| DESCRIPTION OF THE TASK |
Span requested from the data below: the line with "meta_data)print('pdf共%s页' % page_con)" through the line with "- 【拡散希望】あと14日でセントラルキッチンの後継テナントを見つけたい(3月10日火曜) - note", both included. Give only these lines again, exactly, and leave every picture out.

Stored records
☆ ☆ ☆
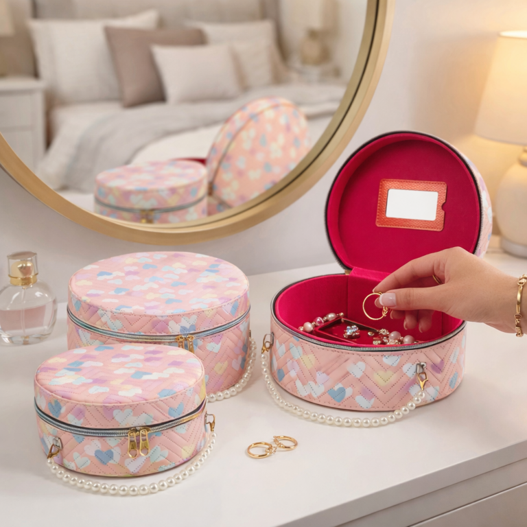 مجموعة شنط جلد 3 قطع بماقسات مختلفة لتنظيم وحمل الميك اب مزينة بقلوب
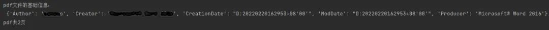 # 打开pdf文件,有密码加入password参数pdf_info =pdfplumber.open(r'test.pdf')meta_data = pdf_info.metadata  # pdf的基础信息page_con = len(pdf_info.pages)  # 获取pdf的总页数print('pdf文件的基础信息:\n', meta_data)print('pdf共%s页' % page_con)
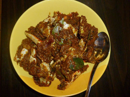 ഒരു പാനില്‍ വെളിച്ചെണ്ണ ഒഴിച്ച് ചുടാകുമ്പോള്‍ അതിലേയ്ക് സവാള, പച്ച മുളക്, ഇഞ്ചി വെളുത്തുള്ളി പേസ്റ്റ്, തകാളി എന്നിവ ചേര്ത്ത് വഴറ്റുക.അതിലേയ്ക് മുളക് പൊടി, മഞ്ഞള്പ്പൊാടി, മല്ലി പൊടി, വാളന്പുകളി പിഴിഞ്ഞത്, ഉപ്പ് ഇതെല്ലാം കുടി വഴറ്റണം.അതിനു ശേഷം ഞണ്ട്, കുരുമുളക് പൊടി,വെള്ളം എല്ലാം കുടി ചേര്ത്തി ളക്കി മുടി ചെറിയ തീയില്‍ വേവിക്കുക
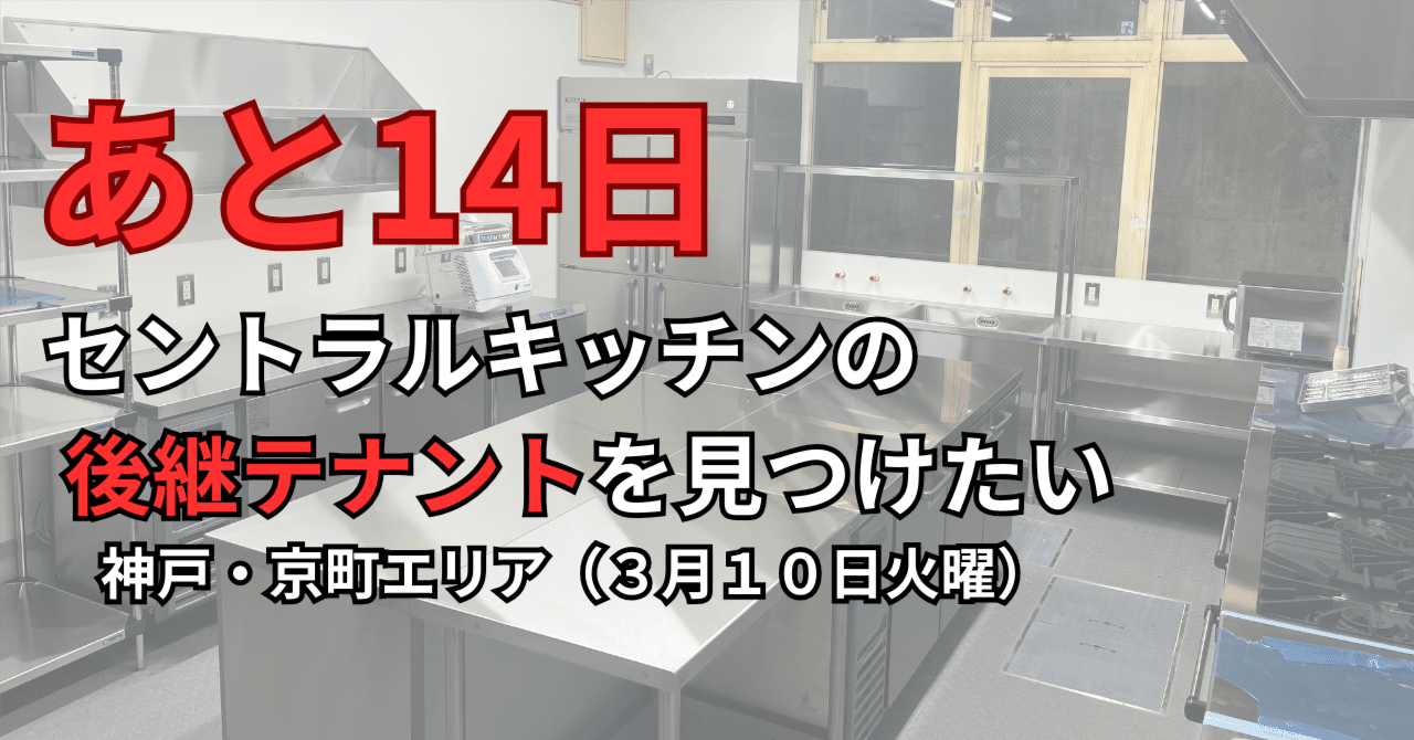 - 【拡散希望】あと14日でセントラルキッチンの後継テナントを見つけたい(3月10日火曜) - note
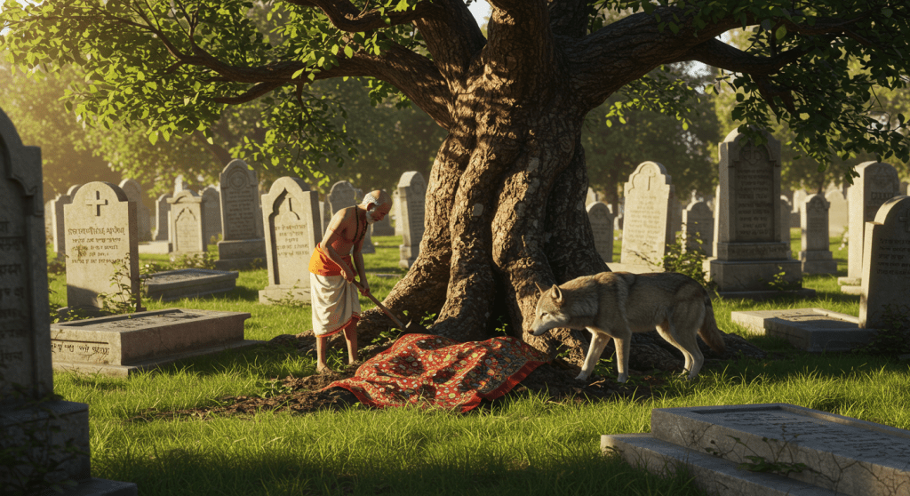 Once in the past when king Brahmadatta was touring Benares, there was a New Year’s Day festival declared in the city. People offered food items such as toddy, meat and the like food varieties as sacrifice to the deities everywhere in the street. On the very same night there came a certain jackal into the city, smelling the food items. He greedily ate as much as he could. As he was intoxicated, he lay down on the side of a road and could not leave before dawn. When dawn arrived, he thought, “At this time it is not good to go.” He hid by the side of a small bush. While he was looking at the road, he saw a solitary Brahmin, and thought, “Brahmins are very greedy. I want to deceive this Brahmin and leave this place under his protection.” He came to the Brahmin and said, “Friend, if you can take me out of this city, I can show you where 200 gold coins are hidden.” The Brahmin thought, “The jackal is trustworthy.” He covered the jackal with his upper cloth, took him under his armpit and went out from the city. He said to the jackal, “Show me the wealth.” The jackal said, “Go a little farther, and I’ll show you.” And he took him to a cemetery and said, “Here is the wealth. Put me down and spread your upper shawl on the ground.” He said, “Dig under that tree.” While the Brahmin was digging under the tree, the jackal defecated and urinated in the middle and in each of the four corners of the shawl, and ran away. Then while he was digging the ground, the tree deity came out from this tree and said, “Oh foolish Brahmin, what you have done is trust a jackal who has deceived you. That jackal had not even 200 seashells. By trusting him, what you have gained is the soiling of your cloth. Foolish Brahmin, go, have a bath and wash your cloth, and do your own religious works.” The Brahmin did this, going back home.
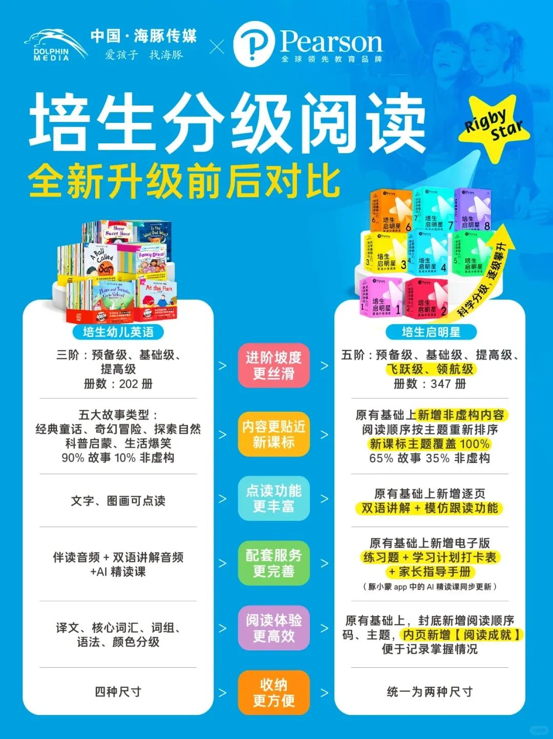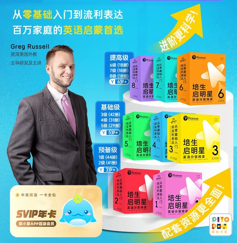 从包装设计到内容编排,再到保姆级丰富配套资源,经过两年多时间反复打磨,旨在让所有中国家庭在家就能轻松无痛做英语启蒙,并助力孩子从零基础稳步进阶到自主阅读和流利表达,培生启明星,真的闭眼入就对了!
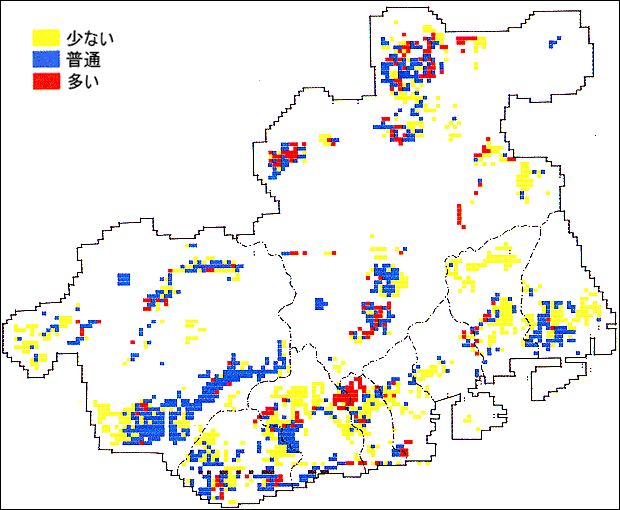 夏の朝、しっとりと露を含んで涼しげなツユクサの姿は愛らしさを感じます。道ばたや庭の隅などに見かける一年草の花で、梅雨のころから夏の終わりまで咲きつづけています。ツユクサは教材として利用度の高い植物なので、どの程度の分布状況か楽しみでしたが、予想以上の広い範囲に分布しているのが確かめられました。
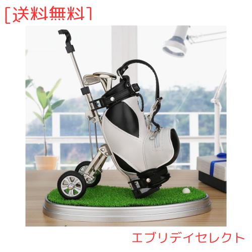 ゴルフペン ペン立て3本のペン ゴルフ景品 ゴルフ記念品 ゴルフギフト 卓上スタンド ミニPUゴルフバッグ付き (黒+白(芝生付き))
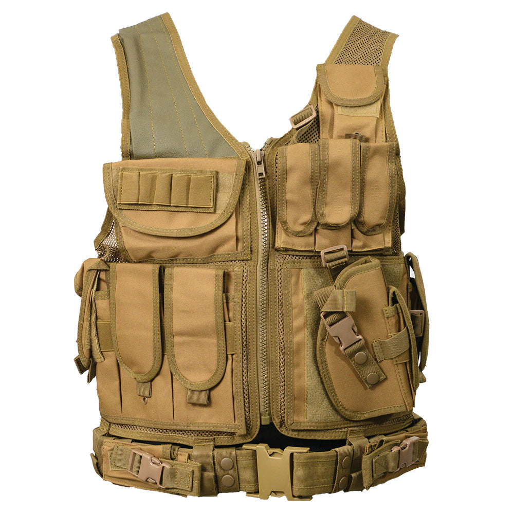 This vest has mesh backing. Left Side features detachable shotgun shell holder, utility pouch, 3 magazine pouches. Right side features 3 x Gadget pouch, detachable gun pouch, tactical torch pouch. Also features a phone pouch, rear mesh pocket for hydration bladder and 2 x internal document pouches.
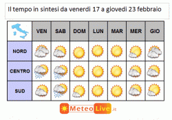 venerdì 17 febbraio: annuvolamenti tra nord e centro, qualche piovasco su estremo nord-est, Emilia-Romagna, rovesci tra Toscana, Umbria, Spezzino, asciutto altrove, ancora prevalenza di sole al sud ma con nubi in arrivo. Temperature minime in rialzo, massime in lieve calo.
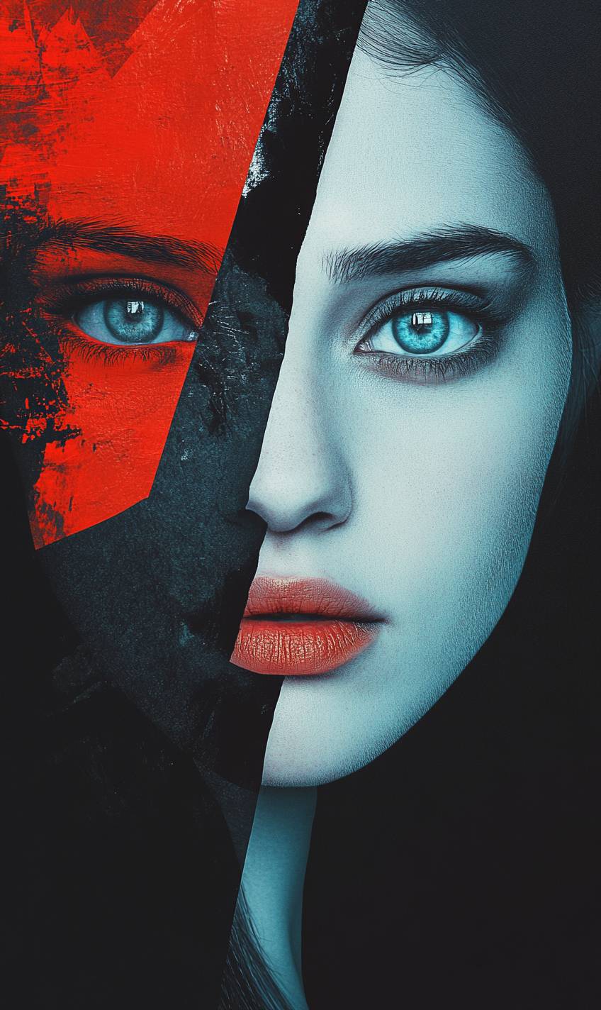 Surrealistic portrait, split face, contrasting color halves, abstract brushstrokes, geometric fragmentation, blending realism with abstraction, emotional intensity, dark tones --v 6.1 --ar 3:5
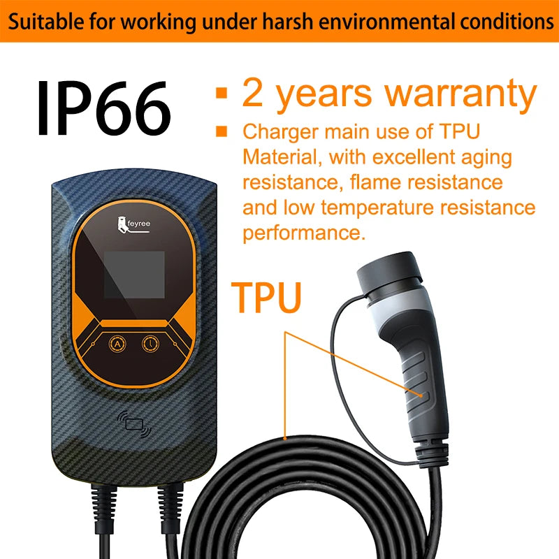 Protección múltiple: El EVSE proporciona resistencia a rayos, fugas, sobretensión, sobrecalentamiento, clasificación IP55 a prueba de agua, resistencia a llamas UL94V-0 y protección contra sobrecorriente para su seguridad. También cuenta con una caja de control con indicadores LED de estado de carga que le ayudan a identificar el estado de funcionamiento del cargador EV.
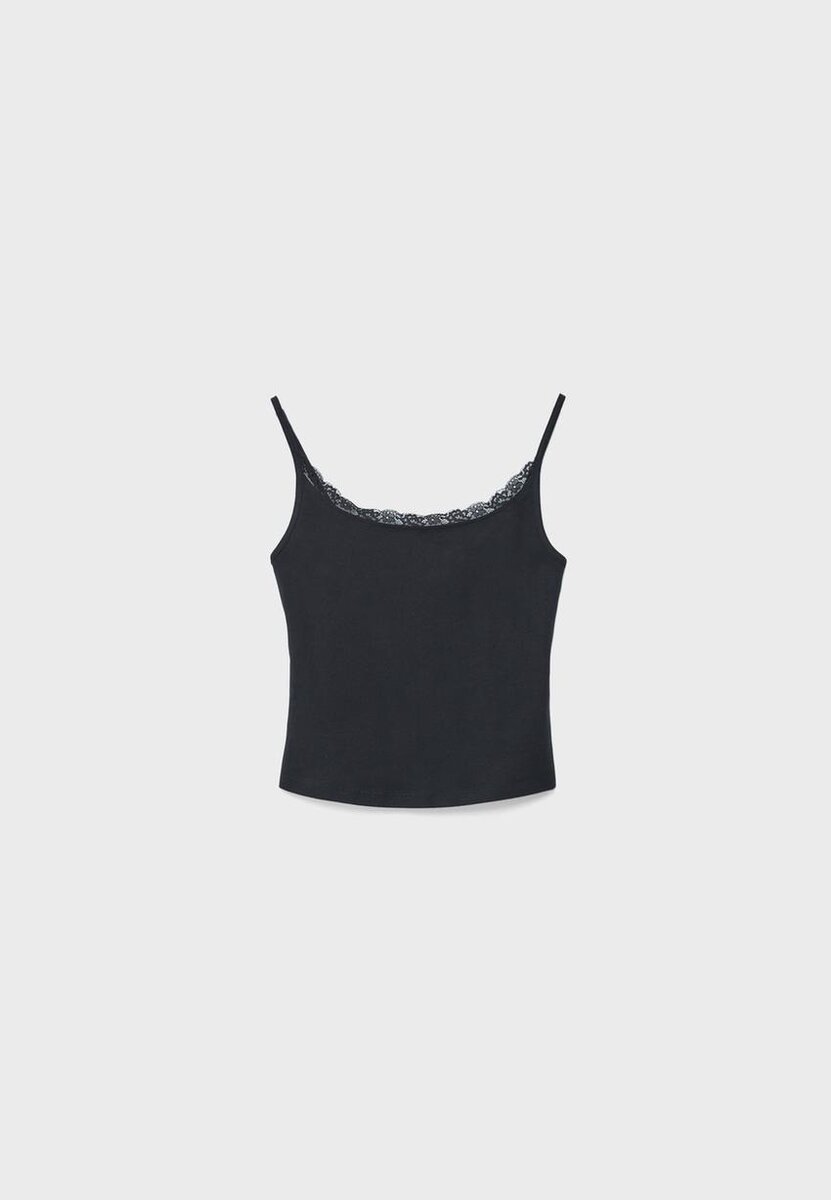 Top con spalline e bordi in pizzo da Stradivarius a soli 17,9 $ disponibile per un periodo limitato. Mocacos Nuevo da donna sempre di tendenza, entra e scopri subito!
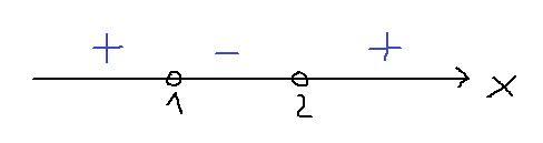 Отмечаем точки на числовой прямой, определяем знаки, находим нужный нам интервал (см. приложение). Точки выколоты, если что, ибо у нас строгое неравенство.
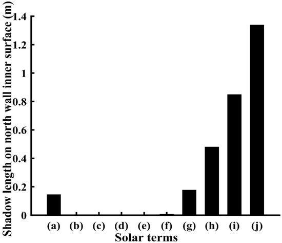 From experiences with many Chinese solar greenhouses designs, it is suggested that, when the lowest monthly average outside temperature is less than 0 °C, the north wall should receive as much solar beam radiation as possible between 10:00 and 14:00 each day, to ensure sufficient heat storage [38]. From Figure 2, it is found that the shadow falling on the greenhouse’s internal surface is mainly caused by the north roof and the thermal blanket-covered section of the south roof. In a practical application, the length of the opaque north roof is fixed, while the length of the thermal blanket-covered roof is changed: the blanket can be opened and closed. The opening and closing time depend upon both the external temperature and solar radiation conditions [25]. During the lighting hours, given that the rolled-up thermal blanket occupies a certain area, 0.8 m horizontally on the top of the south roof are set aside in accordance with the common solar greenhouse design standard [38]. Therefore, the shadow region, which changes with time, can be determined by tracing the impact point of the sunray going through the moving point at the end of the thermal blanket. Then, the dynamic light region on the north wall that can directly receive the beam radiation can be obtained.
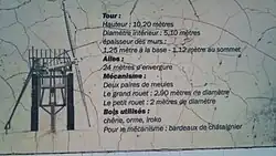 The tower is 1.25 metres (4 ft 1 in) thick at the base and 1.12 metres (3 ft 8 in) thick at the top. It is 10.20 metres (33 ft 6 in) tall and has an internal diameter of 5.10 metres (16 ft 9 in) The Common sails have a span of 24.00 metres (78 ft 9 in). They are carried on a wooden windshaft with a cast iron poll end. The windshaft carries a head wheel of 2.90 metres (9 ft 6 in) diameter and a tail wheel of 2.00 metres (6 ft 7 in) diameter. One of the two pairs of millstones is 2.00 metres (6 ft 7 in) diameter.[2]
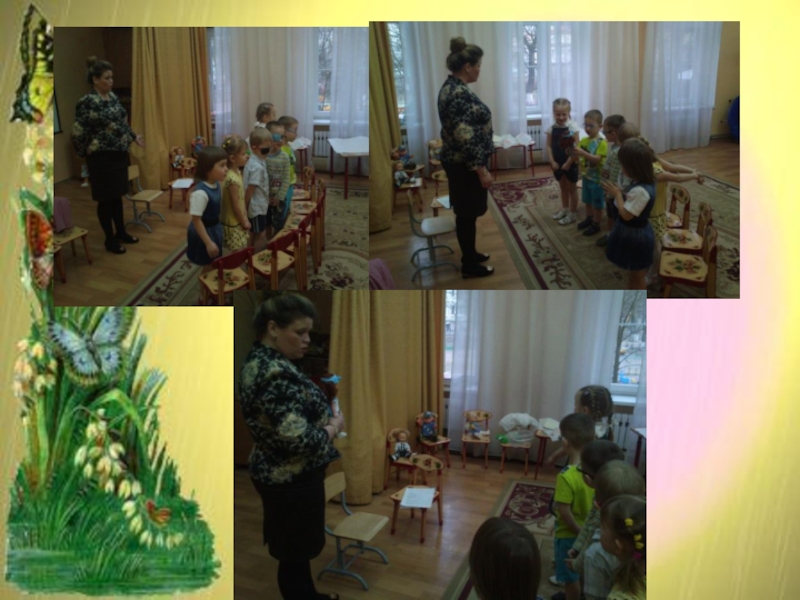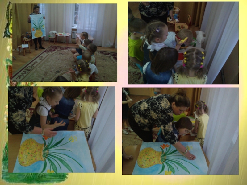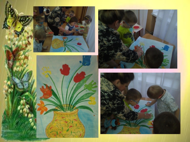 Описание работы: по рисованию пальчиковой краской- отпечатывание ладошек левой и правой рук, на заранее подготовленной композиции букета в вазе без цветов. Дети окунают ладошки в заранее подготовленные тарелочки с пальчиковой краской и делают отпечатки ладошек на композиции, тем самым, создавая цветы(тюльпаны). После выполнения работы, дети вытирают руки влажными салфетками. Во время работы детей воспитатель поворачивает кукол друг к другу.
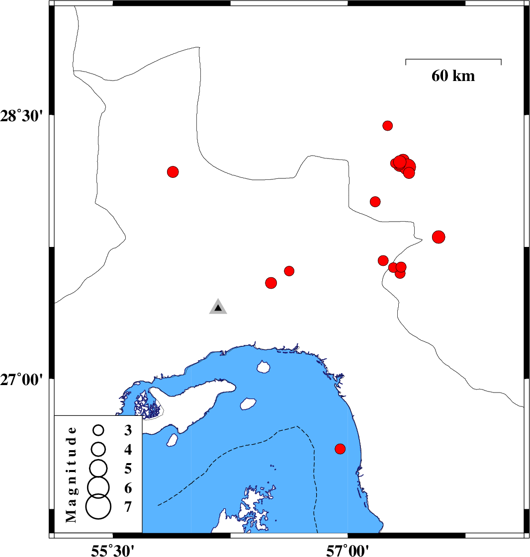 Oman Sea, 63 km South-West of Minab | |
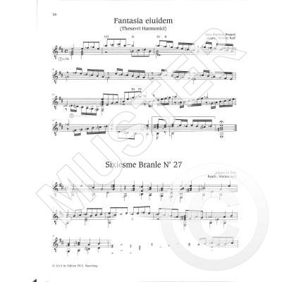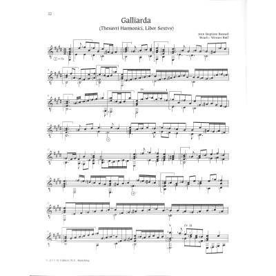 Diese Ausgabe enthält Kompositionen von Pierre Attaignant, Adian Le Roy, Jean Baptiste Besard, Antoine Francisque, Guillaume Morlaye, Robert Ballard und Jean Paul Paladin.
☆ ☆ ☆
| ANSWER BOX |
 # 打开pdf文件,有密码加入password参数pdf_info =pdfplumber.open(r'test.pdf')meta_data = pdf_info.metadata  # pdf的基础信息page_con = len(pdf_info.pages)  # 获取pdf的总页数print('pdf文件的基础信息:\n', meta_data)print('pdf共%s页' % page_con)
 ഒരു പാനില്‍ വെളിച്ചെണ്ണ ഒഴിച്ച് ചുടാകുമ്പോള്‍ അതിലേയ്ക് സവാള, പച്ച മുളക്, ഇഞ്ചി വെളുത്തുള്ളി പേസ്റ്റ്, തകാളി എന്നിവ ചേര്ത്ത് വഴറ്റുക.അതിലേയ്ക് മുളക് പൊടി, മഞ്ഞള്പ്പൊാടി, മല്ലി പൊടി, വാളന്പുകളി പിഴിഞ്ഞത്, ഉപ്പ് ഇതെല്ലാം കുടി വഴറ്റണം.അതിനു ശേഷം ഞണ്ട്, കുരുമുളക് പൊടി,വെള്ളം എല്ലാം കുടി ചേര്ത്തി ളക്കി മുടി ചെറിയ തീയില്‍ വേവിക്കുക
 - 【拡散希望】あと14日でセントラルキッチンの後継テナントを見つけたい(3月10日火曜) - note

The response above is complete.